Goal of the exercise: Exclude the pictures from your copy, and reproduce each entry below verbatim.

==== Records for this exercise

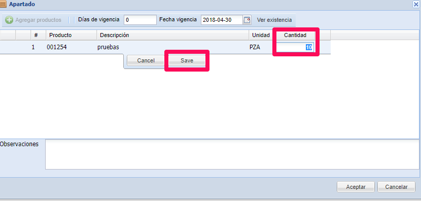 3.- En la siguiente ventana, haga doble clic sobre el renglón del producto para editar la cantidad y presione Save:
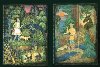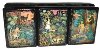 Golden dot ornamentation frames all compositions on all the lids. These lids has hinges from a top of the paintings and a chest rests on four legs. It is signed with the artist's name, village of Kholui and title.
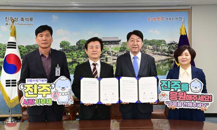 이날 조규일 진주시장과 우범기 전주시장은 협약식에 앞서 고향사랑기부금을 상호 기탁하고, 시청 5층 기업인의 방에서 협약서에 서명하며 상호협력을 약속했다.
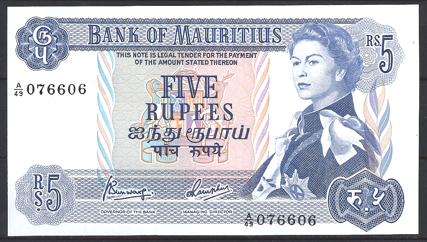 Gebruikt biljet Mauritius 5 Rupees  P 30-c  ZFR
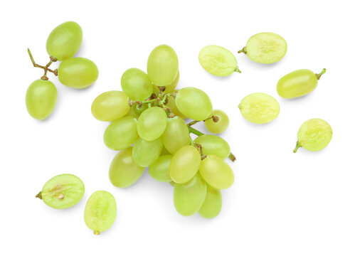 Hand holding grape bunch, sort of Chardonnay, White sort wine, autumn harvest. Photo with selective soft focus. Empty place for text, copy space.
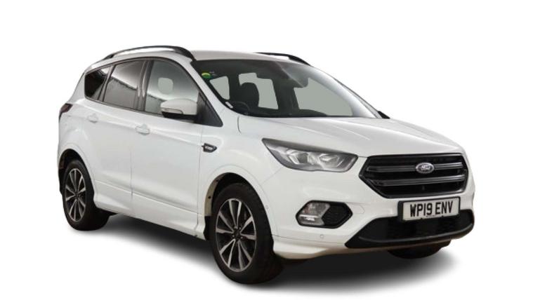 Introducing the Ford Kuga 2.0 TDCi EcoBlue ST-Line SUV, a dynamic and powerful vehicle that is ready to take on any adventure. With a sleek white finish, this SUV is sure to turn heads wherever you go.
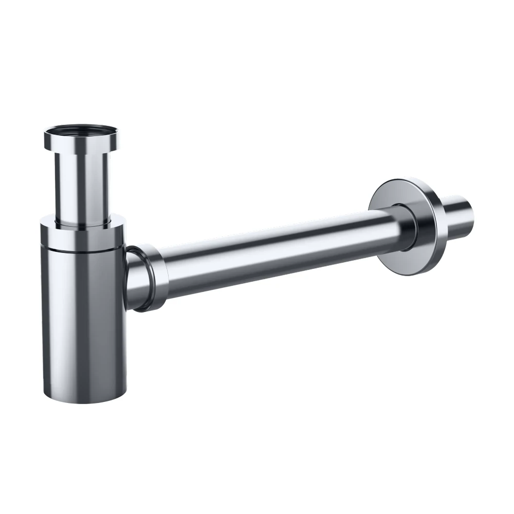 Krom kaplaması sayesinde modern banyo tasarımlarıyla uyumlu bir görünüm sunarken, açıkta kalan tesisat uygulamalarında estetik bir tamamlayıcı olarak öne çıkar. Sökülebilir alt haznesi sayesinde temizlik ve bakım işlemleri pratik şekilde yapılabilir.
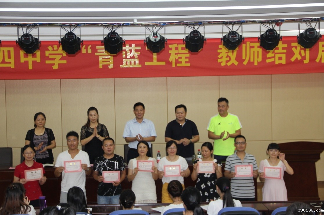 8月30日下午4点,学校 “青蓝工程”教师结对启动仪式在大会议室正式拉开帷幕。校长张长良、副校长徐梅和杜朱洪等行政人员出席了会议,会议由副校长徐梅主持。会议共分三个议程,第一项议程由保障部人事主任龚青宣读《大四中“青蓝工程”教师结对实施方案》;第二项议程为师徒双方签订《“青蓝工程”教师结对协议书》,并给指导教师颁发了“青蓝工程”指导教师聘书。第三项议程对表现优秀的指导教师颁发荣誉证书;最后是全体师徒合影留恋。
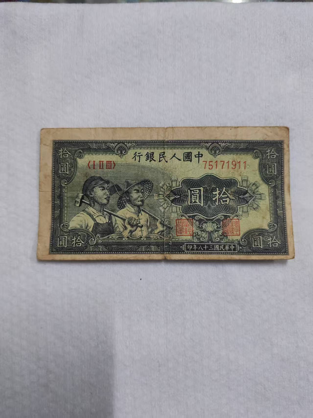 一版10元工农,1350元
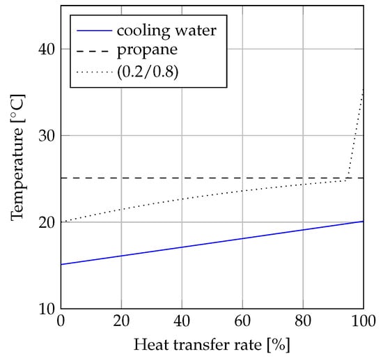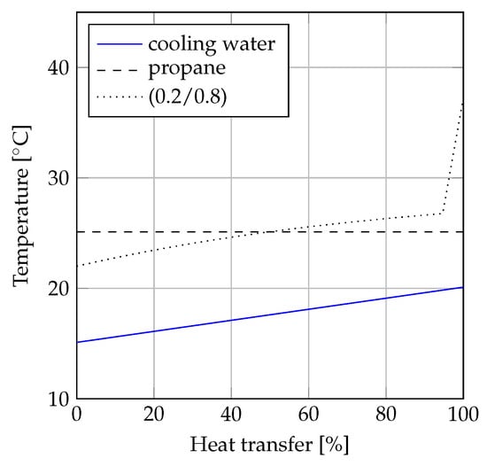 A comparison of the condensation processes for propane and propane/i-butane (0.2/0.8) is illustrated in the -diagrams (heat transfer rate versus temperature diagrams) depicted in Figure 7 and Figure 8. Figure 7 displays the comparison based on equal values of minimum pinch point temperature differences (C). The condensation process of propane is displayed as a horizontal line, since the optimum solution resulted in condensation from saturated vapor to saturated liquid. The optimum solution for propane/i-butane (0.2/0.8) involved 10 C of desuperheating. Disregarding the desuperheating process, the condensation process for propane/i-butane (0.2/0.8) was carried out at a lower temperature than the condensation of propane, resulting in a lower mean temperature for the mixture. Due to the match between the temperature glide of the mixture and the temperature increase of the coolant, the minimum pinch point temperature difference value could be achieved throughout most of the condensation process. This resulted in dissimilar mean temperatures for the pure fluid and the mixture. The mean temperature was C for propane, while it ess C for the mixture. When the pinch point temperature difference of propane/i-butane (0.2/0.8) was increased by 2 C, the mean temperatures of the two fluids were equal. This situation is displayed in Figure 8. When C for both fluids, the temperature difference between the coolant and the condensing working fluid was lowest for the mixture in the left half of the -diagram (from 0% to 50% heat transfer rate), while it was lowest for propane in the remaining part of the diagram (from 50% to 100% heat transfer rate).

========

Result:
 3.- En la siguiente ventana, haga doble clic sobre el renglón del producto para editar la cantidad y presione Save:
 Golden dot ornamentation frames all compositions on all the lids. These lids has hinges from a top of the paintings and a chest rests on four legs. It is signed with the artist's name, village of Kholui and title.
 이날 조규일 진주시장과 우범기 전주시장은 협약식에 앞서 고향사랑기부금을 상호 기탁하고, 시청 5층 기업인의 방에서 협약서에 서명하며 상호협력을 약속했다.
 Gebruikt biljet Mauritius 5 Rupees  P 30-c  ZFR
 Hand holding grape bunch, sort of Chardonnay, White sort wine, autumn harvest. Photo with selective soft focus. Empty place for text, copy space.
 Introducing the Ford Kuga 2.0 TDCi EcoBlue ST-Line SUV, a dynamic and powerful vehicle that is ready to take on any adventure. With a sleek white finish, this SUV is sure to turn heads wherever you go.
 Krom kaplaması sayesinde modern banyo tasarımlarıyla uyumlu bir görünüm sunarken, açıkta kalan tesisat uygulamalarında estetik bir tamamlayıcı olarak öne çıkar. Sökülebilir alt haznesi sayesinde temizlik ve bakım işlemleri pratik şekilde yapılabilir.
 8月30日下午4点,学校 “青蓝工程”教师结对启动仪式在大会议室正式拉开帷幕。校长张长良、副校长徐梅和杜朱洪等行政人员出席了会议,会议由副校长徐梅主持。会议共分三个议程,第一项议程由保障部人事主任龚青宣读《大四中“青蓝工程”教师结对实施方案》;第二项议程为师徒双方签订《“青蓝工程”教师结对协议书》,并给指导教师颁发了“青蓝工程”指导教师聘书。第三项议程对表现优秀的指导教师颁发荣誉证书;最后是全体师徒合影留恋。
 一版10元工农,1350元
 A comparison of the condensation processes for propane and propane/i-butane (0.2/0.8) is illustrated in the -diagrams (heat transfer rate versus temperature diagrams) depicted in Figure 7 and Figure 8. Figure 7 displays the comparison based on equal values of minimum pinch point temperature differences (C). The condensation process of propane is displayed as a horizontal line, since the optimum solution resulted in condensation from saturated vapor to saturated liquid. The optimum solution for propane/i-butane (0.2/0.8) involved 10 C of desuperheating. Disregarding the desuperheating process, the condensation process for propane/i-butane (0.2/0.8) was carried out at a lower temperature than the condensation of propane, resulting in a lower mean temperature for the mixture. Due to the match between the temperature glide of the mixture and the temperature increase of the coolant, the minimum pinch point temperature difference value could be achieved throughout most of the condensation process. This resulted in dissimilar mean temperatures for the pure fluid and the mixture. The mean temperature was C for propane, while it ess C for the mixture. When the pinch point temperature difference of propane/i-butane (0.2/0.8) was increased by 2 C, the mean temperatures of the two fluids were equal. This situation is displayed in Figure 8. When C for both fluids, the temperature difference between the coolant and the condensing working fluid was lowest for the mixture in the left half of the -diagram (from 0% to 50% heat transfer rate), while it was lowest for propane in the remaining part of the diagram (from 50% to 100% heat transfer rate).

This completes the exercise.